Granted, you could use Facebook for that as well. Or Plurk. Or identi.ca. Or, well, the Yet-Unnamed-Microblogging-Tool-Of-Next-Week. The principle would be the same. It’s just a question of what design and interface you’d like best to use 🙂

And there is some use for LinkedIn, too. People ask often for my CV (resumee for you Americans), and although I have a more formal document somewhere lying around my MacBook, sometimes it’s easier just to point them to my account on LinkedIn. And since computers tend to break and require reformatting — yes, even Macs will break apart and melt down after a decade or two — and I’m never sure if the backups will work, I’m happy to post my pictures somewhere on Flickr and a few videos on YouTube. At least, if my Macs break down, I won’t lose everything.

So does that mean that I’d be happy with just a handful of social websites? Very likely not; after all, anyone might read the above paragraph and say: “oh, well, you can do all the above on a single site: Facebook”. Or MySpace. Or Friendster. Or Multiply. Or Netlog. Or… or… or… any of thousand different services. And, guess what, they would be right!
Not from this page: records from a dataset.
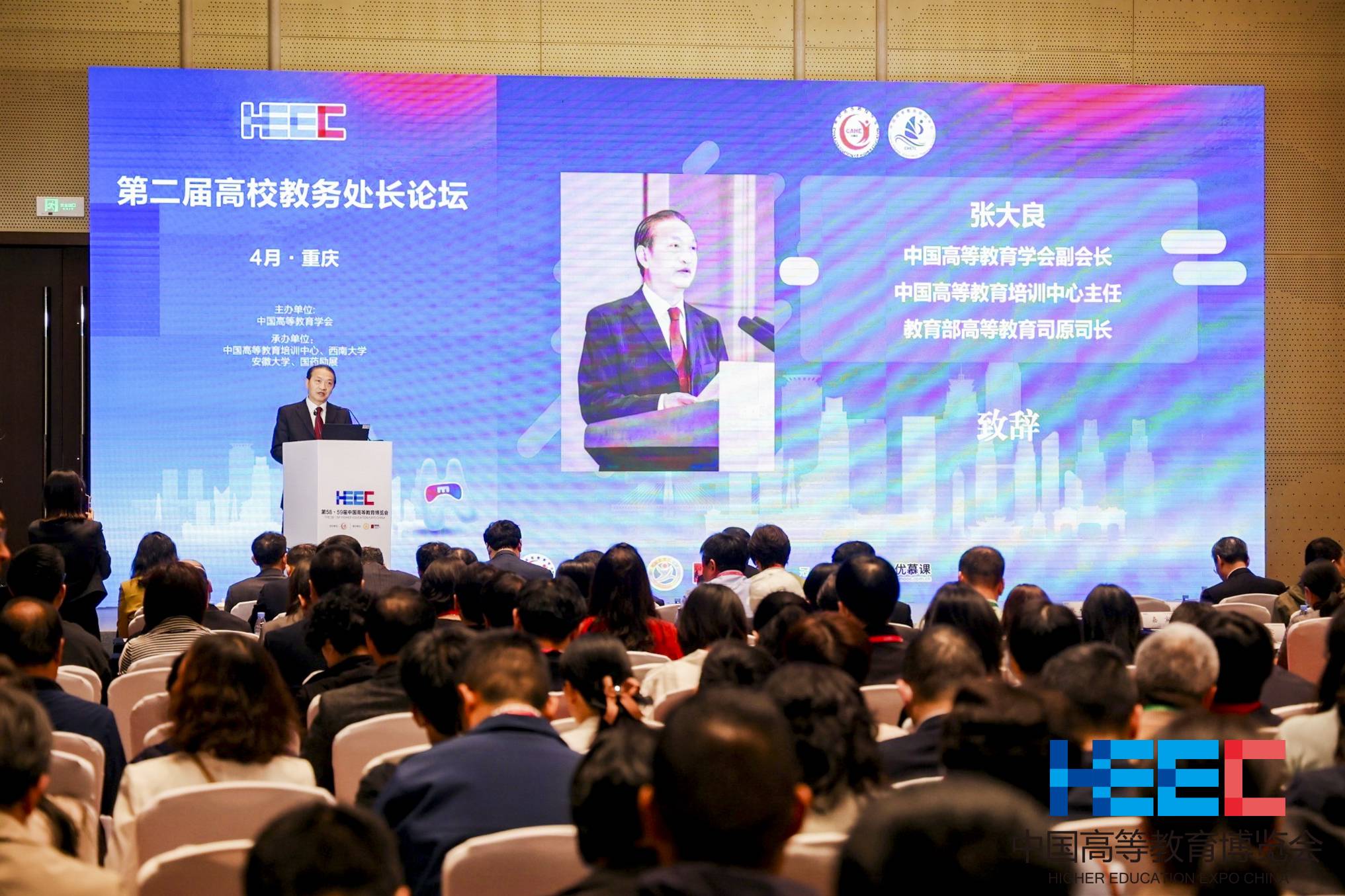 4月10日,第58•59届中国高等教育博览会第二届高校教务处长论坛在重庆悦来国际会议中心成功举办,本次论坛由学校与中国高等教育培训中心等单位联合承办。中国高等教育学会副会长、中国高等教育培训中心主任张大良,重庆市高等教育学会会长严欣平,学校党委副书记安春元出席论坛并致辞。来自全国高校校领导、教务处长等共计200余人参会。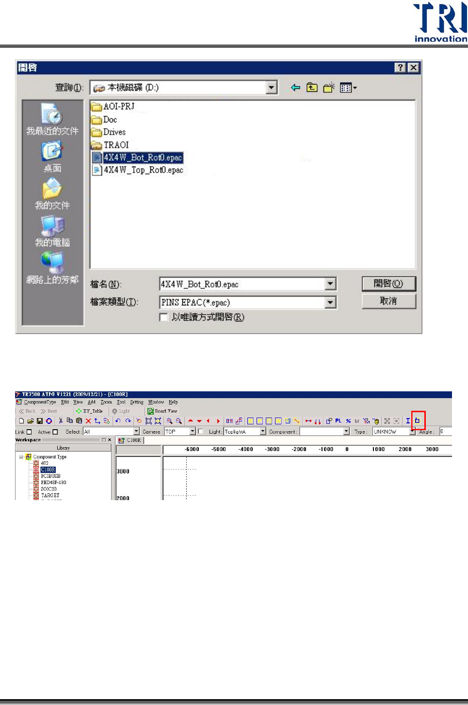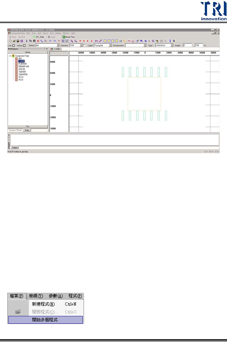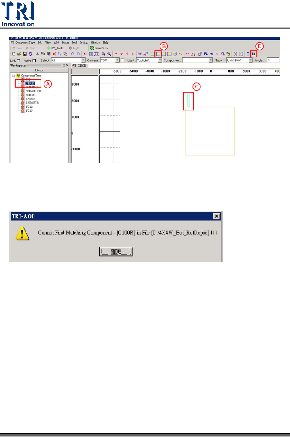Test Research Inc. 528 TR7500SeriesUserGuide – Software • 如果所選擇的元件,並沒有存在於 epac 檔案中,則會顯示找不到相對應元 件的訊息。 • 元件的 Body 框會影響腳位產生,所以 Body 框的大小要根據實體影像,拉 出正確的框。 Step6. 自動產生腳位完成。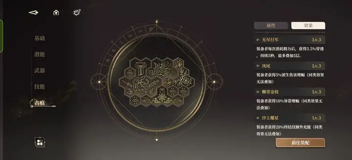 4、至于古痕词条,建议输出和破势所有角色都无脑穿透双爆收益最高。辅助,则视技能说明选择生命或者攻击词条,然后加一个异常专精。第三个词条看着带就好了,一般建议仍然选穿透最优。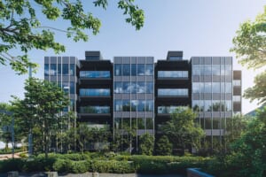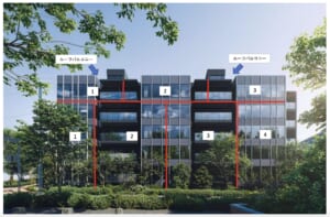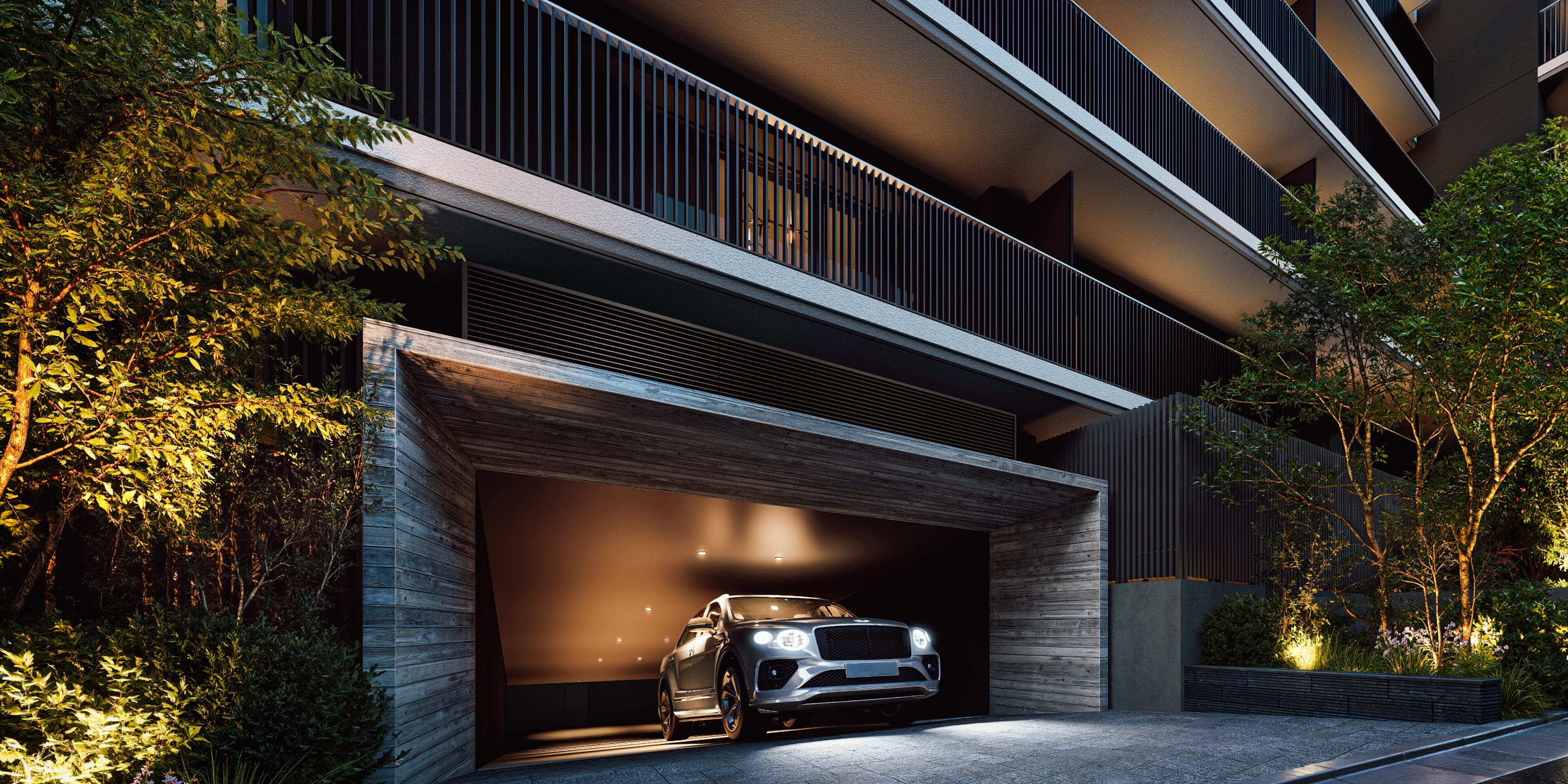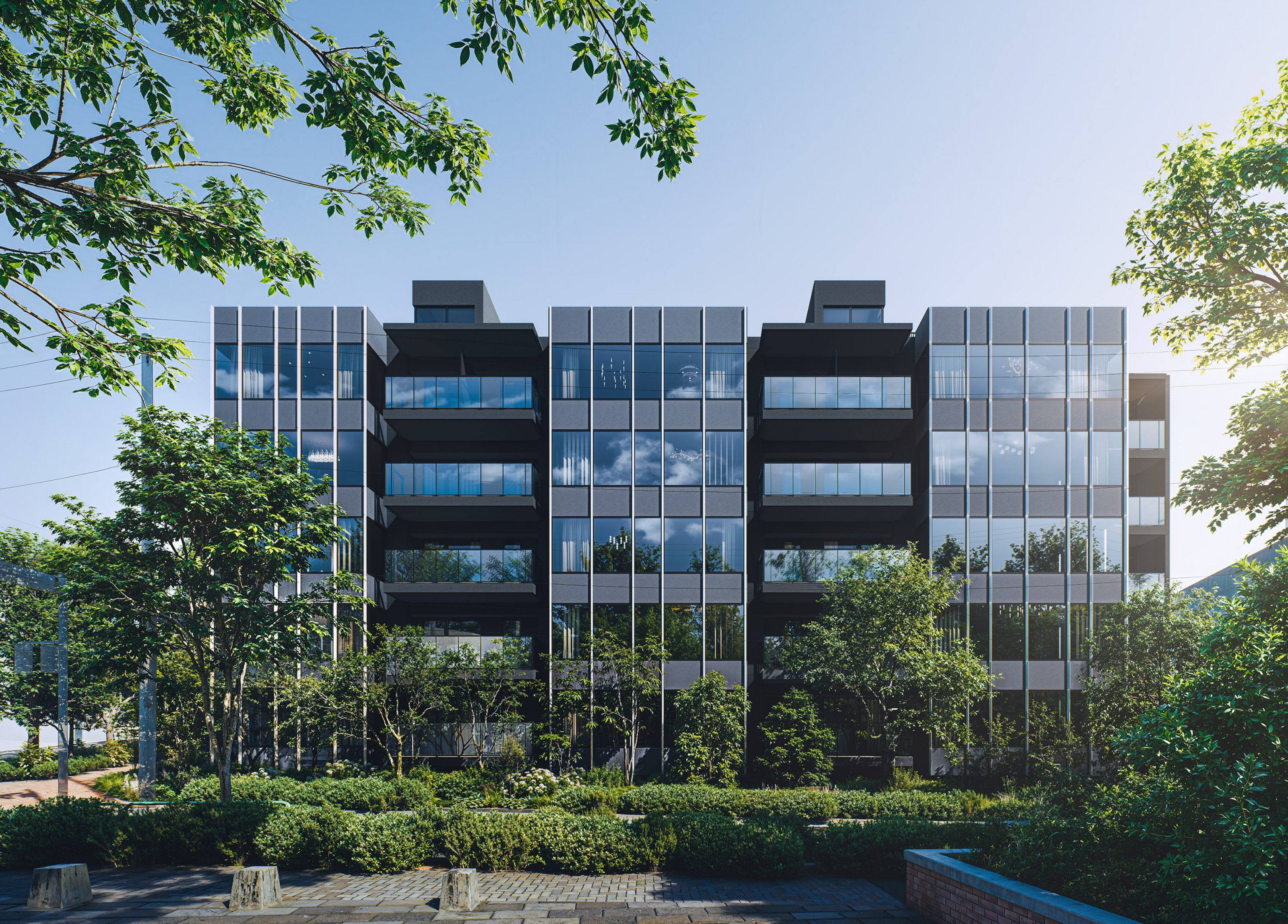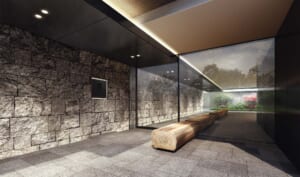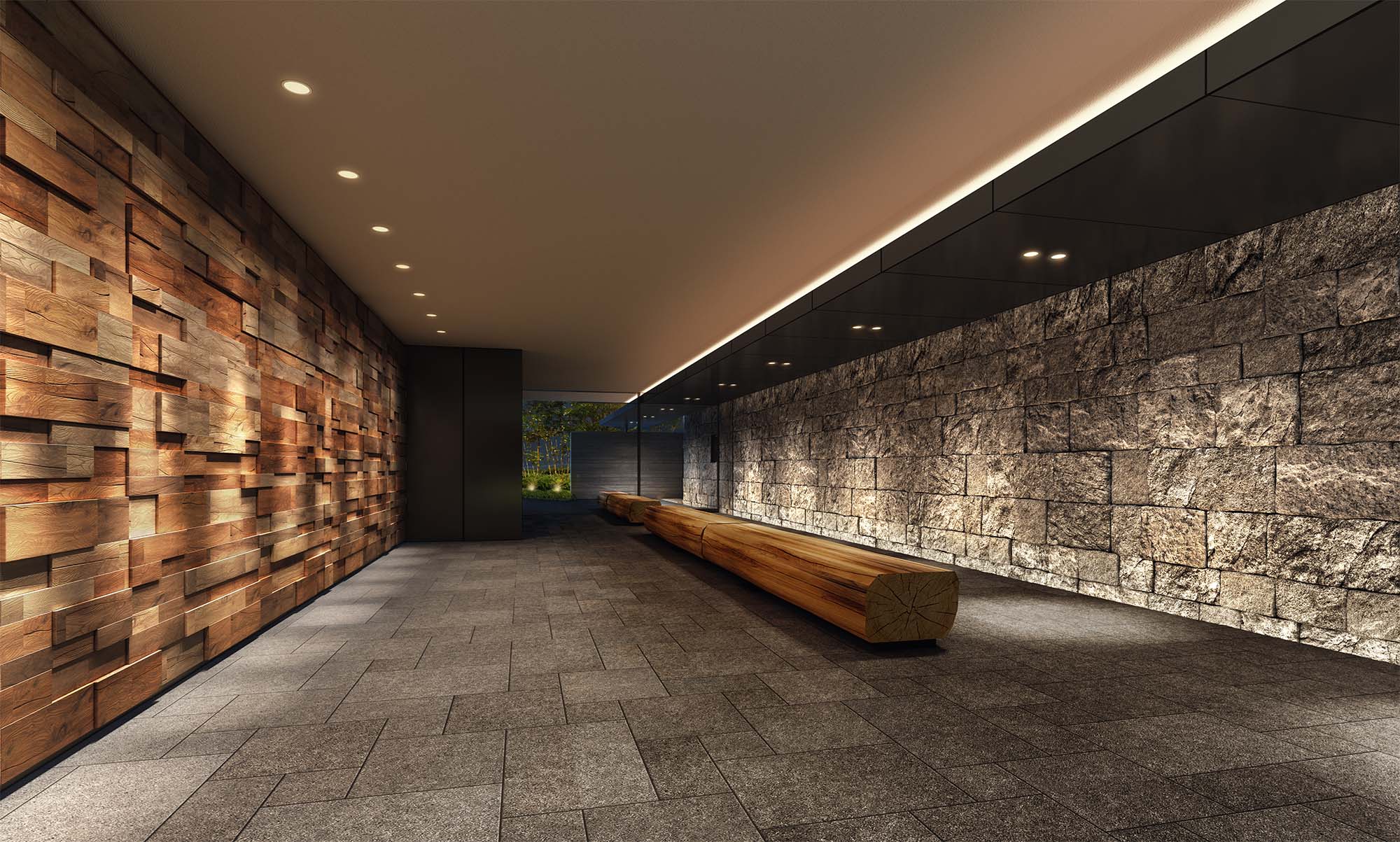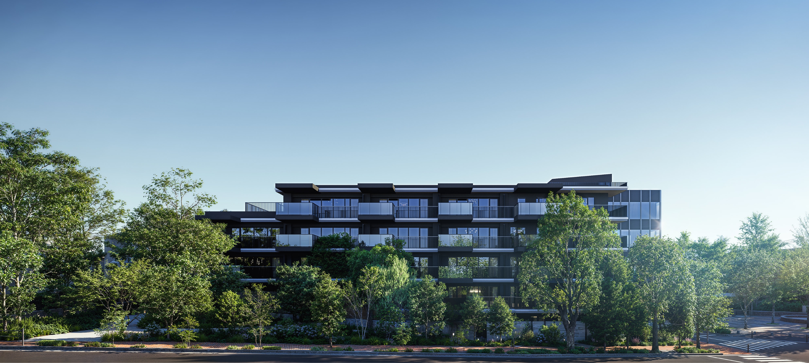 本件はかつて豪邸が建っており、敷地内には木々が生い茂っていました。駅徒歩4分ながらも緑の潤いを感じられる静かな住環境を引き継ぎ、共用部には既存樹の木材がちりばめられています。開放廊下が中庭を囲うように設けられ、周辺の木々の音や木漏れ日を感じられるよう、あえて開放廊下にしているとのことでした。▼南向きの外観完成予想

So the point here is… you cannot avoid to join any of those social websites. Even the most anti-social-website person I know — my roomie Moon Adamant — joined Twitter a while ago. And I’m sure she has a Picasa account somewhere. With so many different services floaing over there, it’s impossible that you don’t find at least one which, well, suits a very specific need you have. And once you register for one… you’ll soon start linking it to another… and discuss about it on a forum somewhere… and probably find a tool that will help you out with something… which requires a registration for, say, Facebook…. and since you’ve had to register for it, you might as well flesh out your profile… and then it starts spamming all your friends, who all of a sudden will find that you’re on that service… and, well, the snowball starts to roll. It’s unavoidable. You cannot avoid having a virtual identity on the social Web — sooner or later, it will catch up with you and beg your attention, no matter how anti-social-website you are. And it’s pointless to resist: you will be assimilated.